Qu’ont en commun Kanye West, Kristen Stewart et Élisabeth II, à part une vaste fortune et sûrement un confinement assez douillet ? Ils sont les heureux propriétaires de ce qu'on appelle en anglais une resting bitch face. C’est-à-dire que même lorsque leur visage est au neutre, ils ont l’air un peu « frus ».

De valeureux chercheurs se sont demandé ce qui se cachait derrière cette grave affliction, renommée « RBF » pour l’occasion. Ils ont donc analysé des visages neutres avec un outil d’identification des expressions humaines nommé FaceReader, qui « lit » 500 points du visage pour évaluer les émotions transmises. Résultat : en moyenne, les faces qui nous apparaissent réellement neutres le sont à 97 %, avec 3 % d’émotions sous-jacentes (comme une pointe de tristesse ou de surprise). Or, dans le cas des RBF, le logiciel a détecté deux fois plus d'émotions cachées, surtout du mépris.

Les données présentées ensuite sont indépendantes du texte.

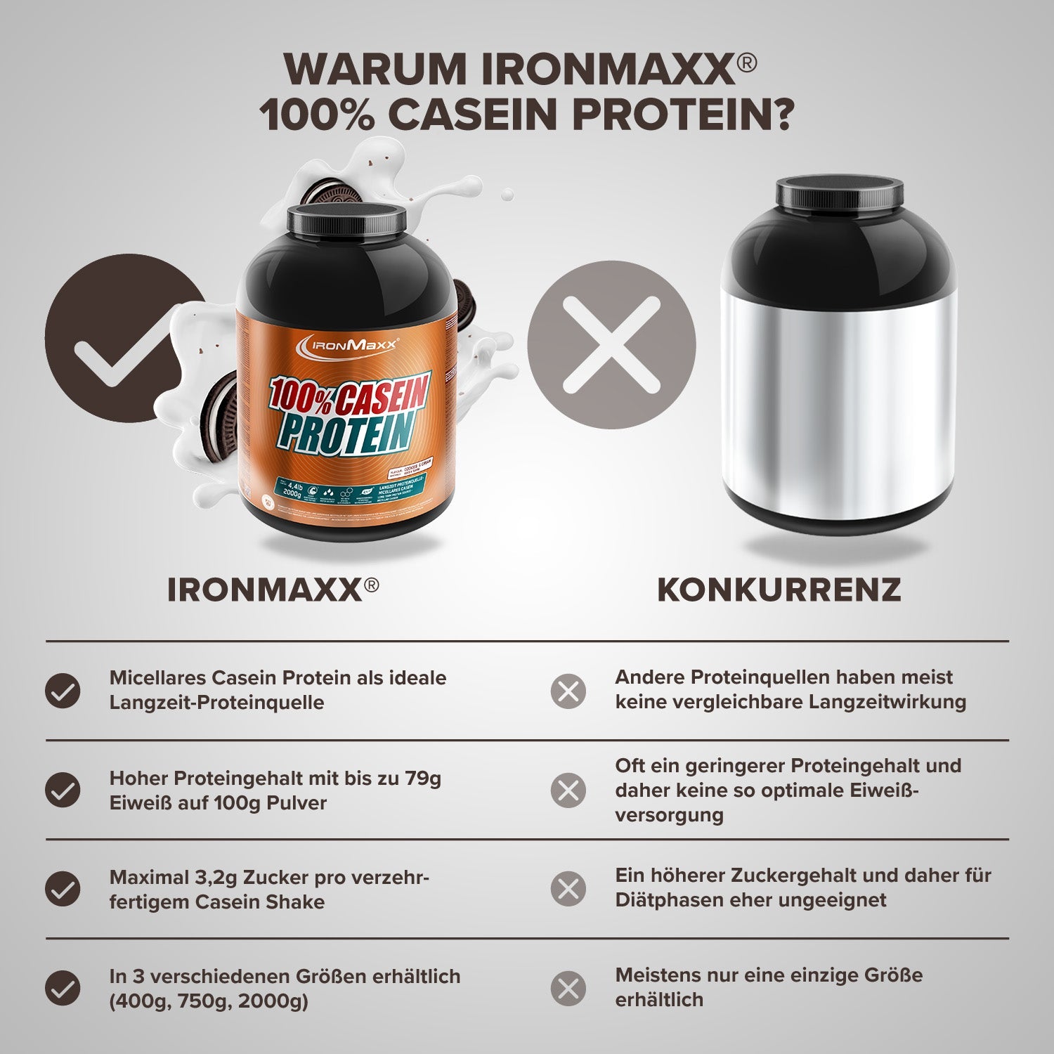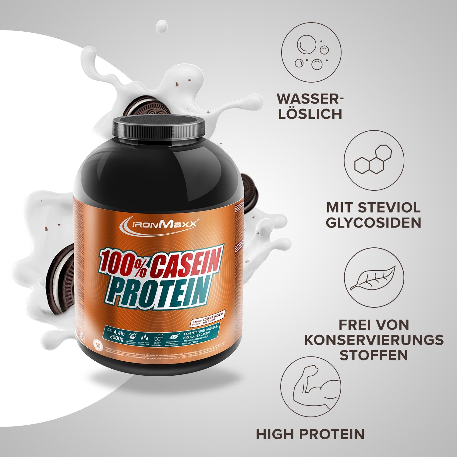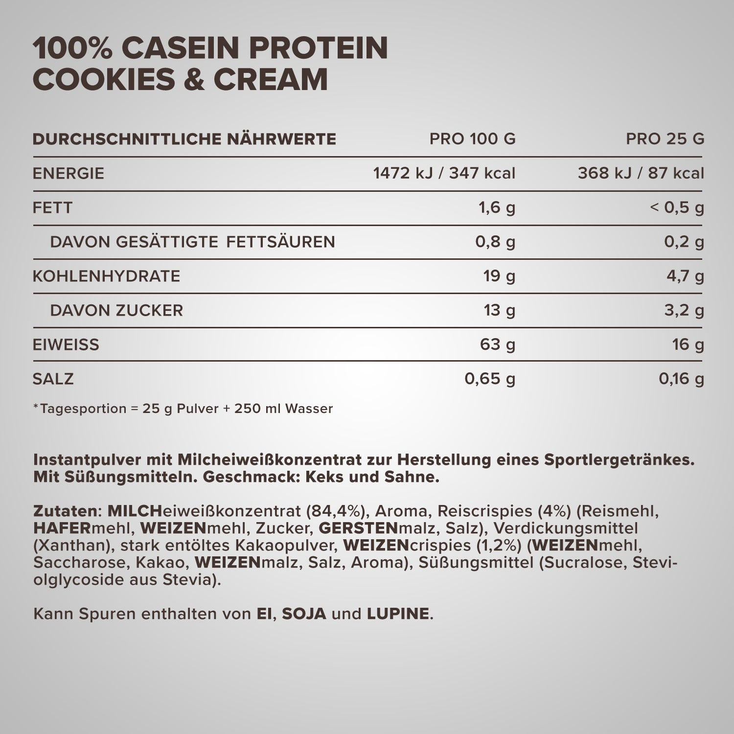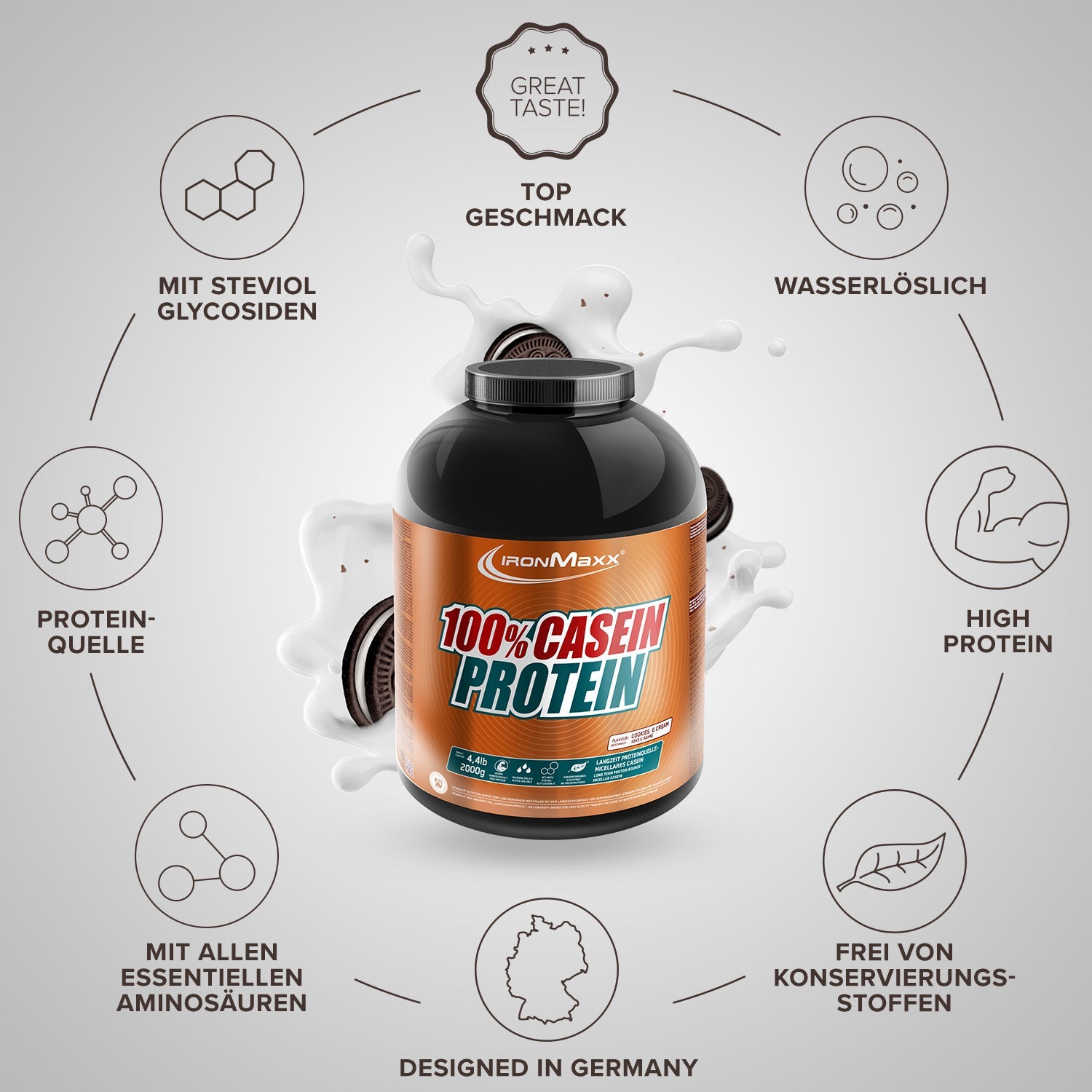 - The 100% Casein Protein is highly dosed with up to 70g of protein per 100g of powder!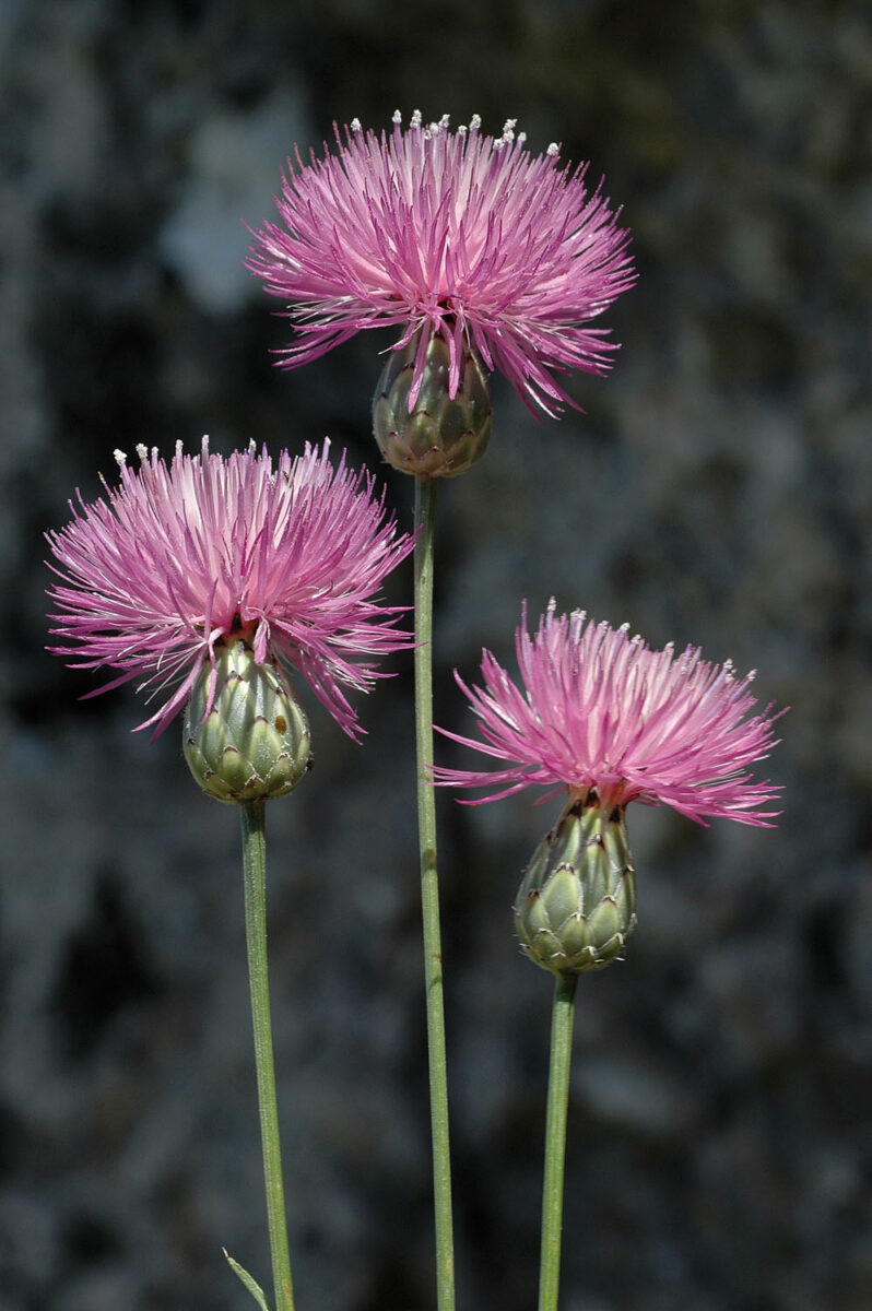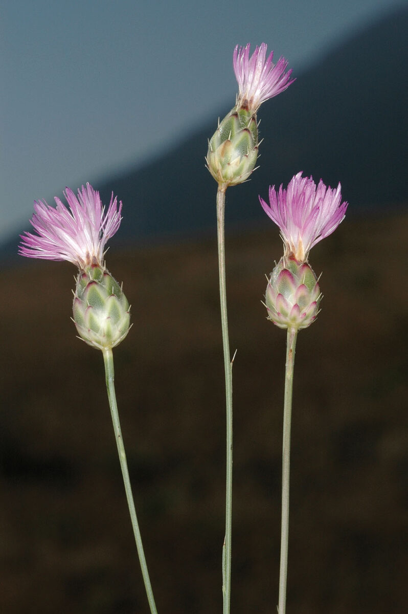 Vivaz, multicaule. Hojas basales pecioladas, pinnatipartidas o pinnatisectas, pelosas; las caulinares alternas, sésiles, lineares o lanceoladas, enteras o dentadas, glabras. Capítulos terminales, solitarios, pedunculados; involucro 12–19 x 7–15 mm, ovoideo o subgloboso, con varias filas de brácteas imbricadas, coriáceas, las externas y medias ovadas, de ápice oscuro, terminado en una espina de 0,5–1 mm de erecta a refleja, caduca; receptáculo peloso. Flores flosculosas, purpúreas, a veces blancas, las externas neutras. Aquenios 3,5–4,5 mm, oblongo–obovoideos, con corónula apical y costillas poco marcadas, algo rugosos; vilano 2,5–4 mm, de varias filas de pelos paleáceos, denticulados

Attention : les resting bitch faces ne ressentent pas réellement du mépris, mais des détails subtils comme une lèvre un peu retroussée font en sorte qu’on en perçoit des traces. En même temps, à force de se faire demander « es-tu fâché ? » à longueur de journée, on leur pardonnerait de finir par être un ti-peu excédés.